Very nice job on these.


----------



## Devils Chariot (May 23, 2007)

Nice work Dyno! Stolloween and Rot have a baby! I'm sure these will turn out awesome!


----------



## beelce (Jul 21, 2007)

NICE project...lots of hard work really pays off


----------



## Bone Dancer (Oct 7, 2005)

Nicely done. the body form is just right for these guys.


----------



## PirateLady (Jul 23, 2010)

Love these little guys


----------



## Merlin (The Quiet One) (Feb 23, 2006)

These guys are great.


----------



## JohnnyAppleseed (Apr 8, 2009)

Terrific job on the mache', love the look!


----------



## Dark Angel 27 (Sep 11, 2008)

very, very awesome! i love the look of these guys. stoll will be proud!


----------



## Howlinmadjack (Jul 20, 2009)

These guys are coming out awesome!!! Sweet work!!


----------



## Glyphen2010 (Aug 30, 2010)

So how soon can we recieve our orders of those for ourselves ? :O


----------



## dynoflyer (Oct 8, 2006)

Okay, updated photos of the weekend's progress. Ready for dry brushing, but not sure what colors? The pumpkin heads are going to be orange/brown/dark green. Should the skeleton body match the pumpkin head or be more bone white? Any suggestions? What color bones do pumpkins have anyway?


----------



## RoxyBlue (Oct 6, 2008)

I'd be inclined to carry the green into the bodies as well, as if the bones developed out of what would normally be the vine of the plant. You might want to use a couple three different shades of green to give texture and visual interest.


----------



## heresjohnny (Feb 15, 2006)

Very nice. One idea is to have it look like the plant is turning into bone, as you get closer to the ribs go with more browns, then to yellows, orche and bone as you get to the actual ribs.


----------



## RoxyBlue (Oct 6, 2008)

You know what, I like HJ's idea better than mine That type of color transition would make the piece look like the result of some demented experiment.


----------



## STOLLOWEEN (Apr 13, 2008)

Those are sweet...really love everything about them..the heads, the rib shapes, the hands...as far as paint ....I just finished a pumpkin groundbreaker...painted the whole thing with black latex, dry brushed with white primer to bring out the texture then washed the whole thing with diluted acrylic paints (orange, brown, yellow and green)....brushed on the diluted paint then sponged off the excess...essentially tinted the white highlights...some very muted, dark and subtle colors....worked well...one of my darker paint jobs. Allows you to blend colors very easily and smoothly.

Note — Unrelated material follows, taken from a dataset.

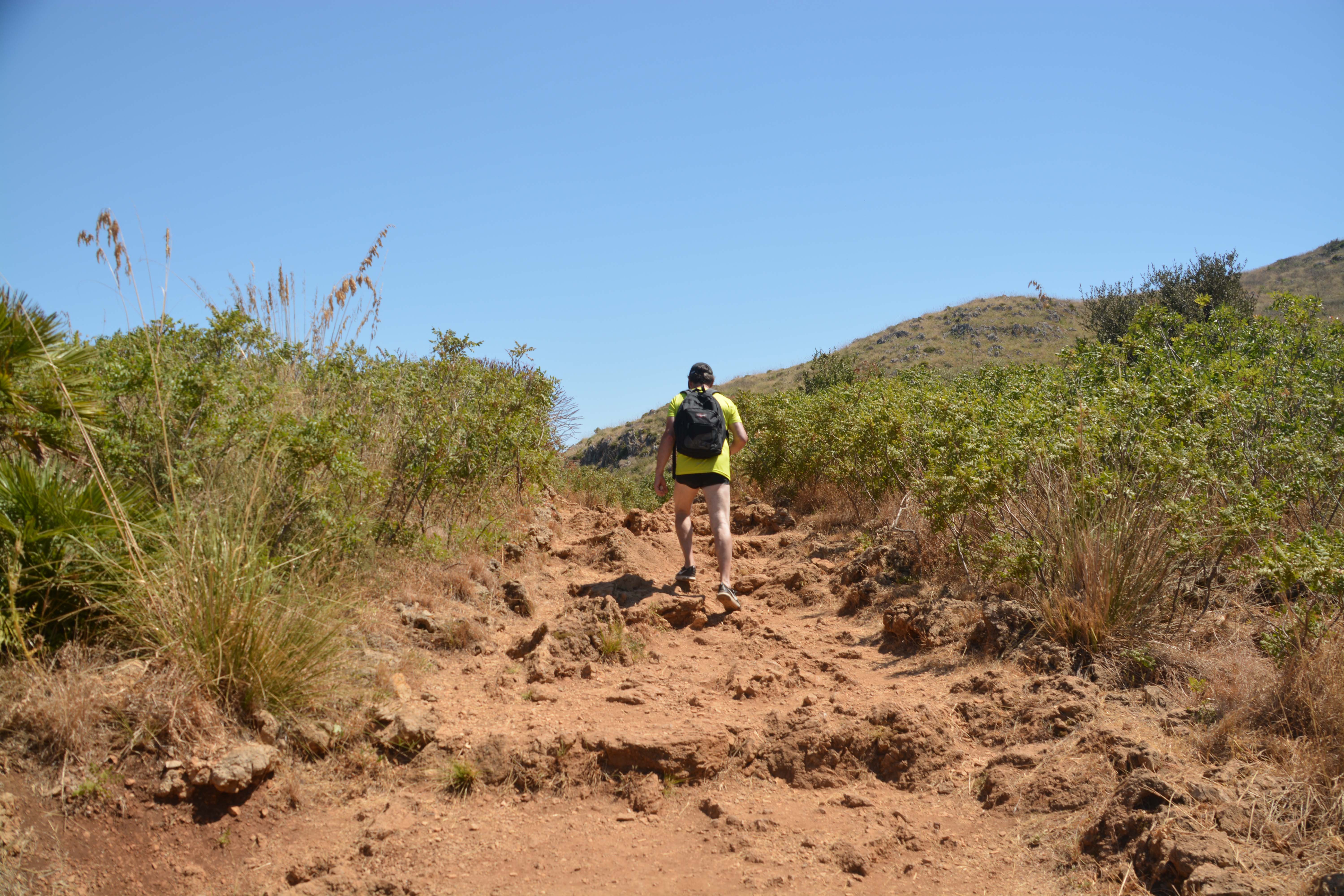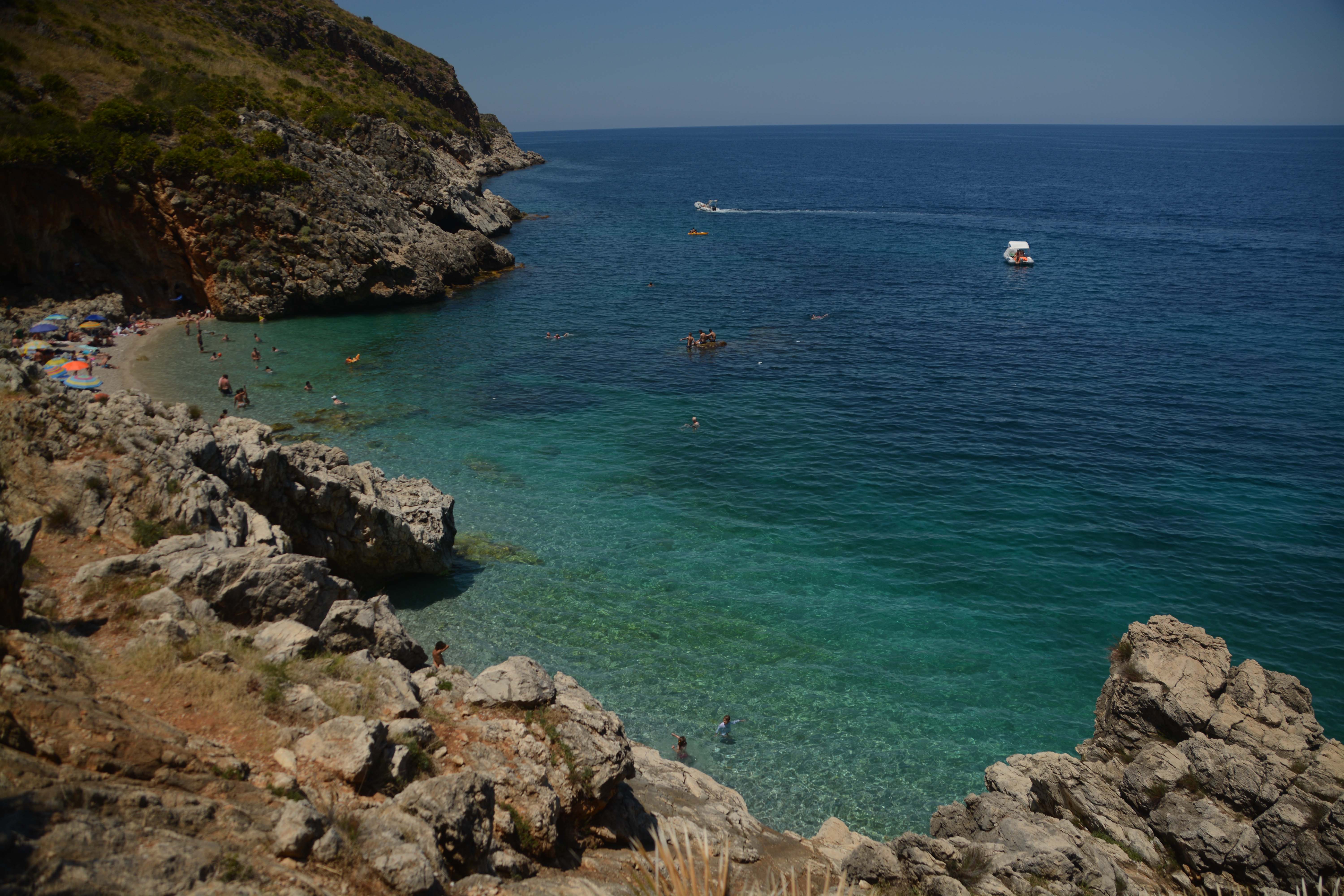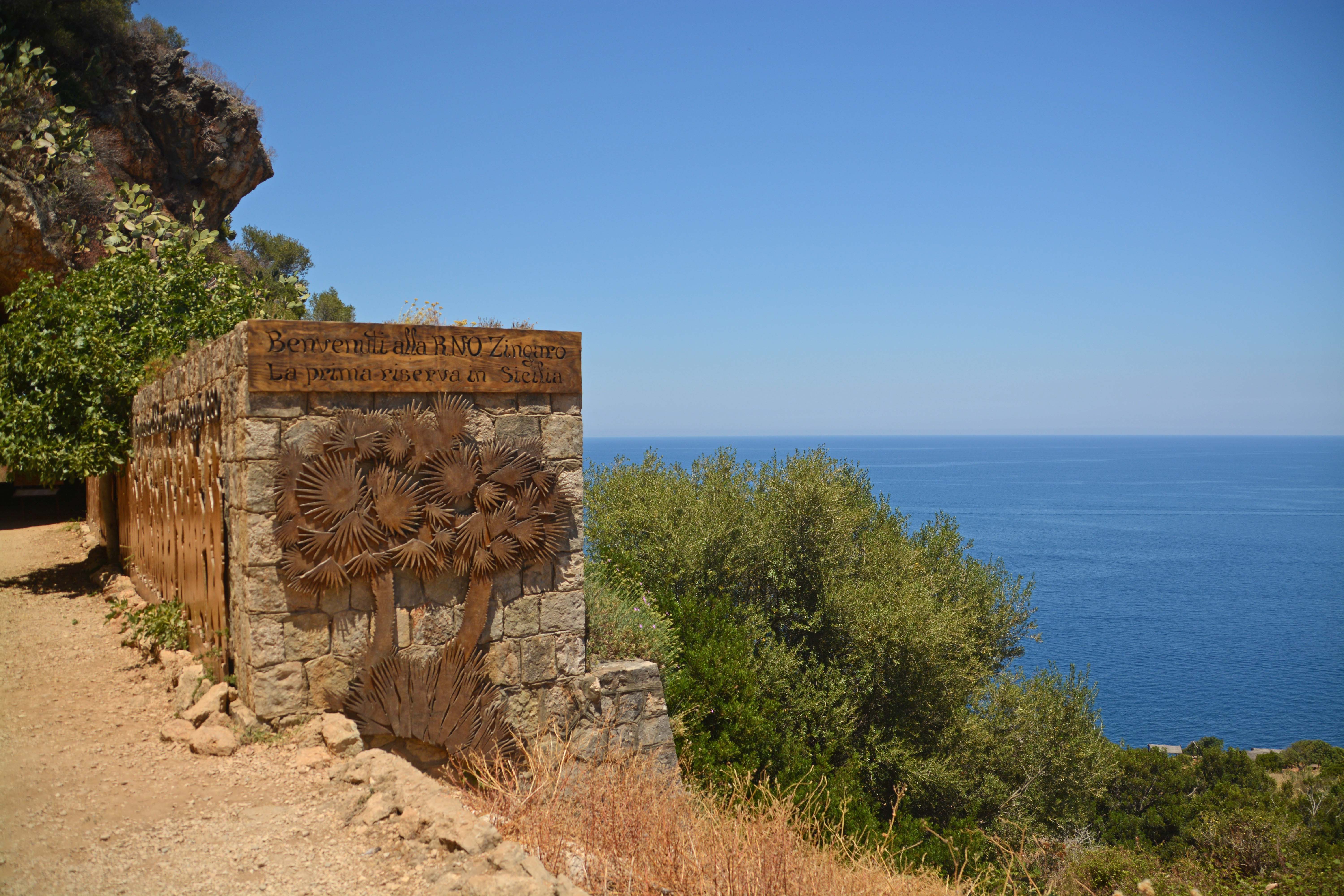 Lo Zingaro ist das erste Naturschutzgebiet Siziliens, heute sind es 98. Der Park ist eine rauhe Schönheit und bietet sechs Abstecher zu glasklaren, azurblauen Badebuchten mit Kiesstrand. Wahrzeichen des Parks sind die bis zu 1-2 Meter hohen ‚Palma nana‘, die Zwergpalmen. Goethe beschrieb sie so: Sie haben niedliche Beschen die sich mit wenigen Änderungen zum Facherdienst nutzen könnte. Davon gibt es hunderte. Oberhalb des sieben Kilometer langen steinigen, bergauf- und bergab führenden ‚Sentiero Costiero‘ blicken wir auf bizarre Kalkformationen, schroff, karg und steil. Es ist sehr heiß und der angeblich leichte Trekkingpfad verläuft in der prallen Sonne, teilweise bis zu einer Höhe von 100 Metern über dem stahlblauen Meer mit gigantischer Fernsicht auf das Mare Tirreno. Nur manchmal weht ein leichtes Lüftchen vom Meer zu uns hinauf. Schattenplätze zum Ausruhen sind begehrt, aber so gut wie gar nicht vorhanden. An dem in der Ferne sichtbaren Torre dell’Uzzo messen wir, wie weit wir kommen. Zig weiße Boote, Bötchen, Tourischiffe und Motoryachten touren die Küste entlang, manche spucken für 5 Minuten Badegäste aus.

Here's the link to the tutorial if you are interested:

http://www.stolloween.com/?page_id=4466


----------



## dynoflyer (Oct 8, 2006)

Tried something new today: after dry brushing I wrapped a black trash bag around the ribs and used a heat gun to shrink it while poking a few holes here and there. Put white latex primer on the heat shrunk plastic and then applied liberal amounts of latex color. Only thinned the latex paints with a little bit of water so it went on thick and got good saturated color.


----------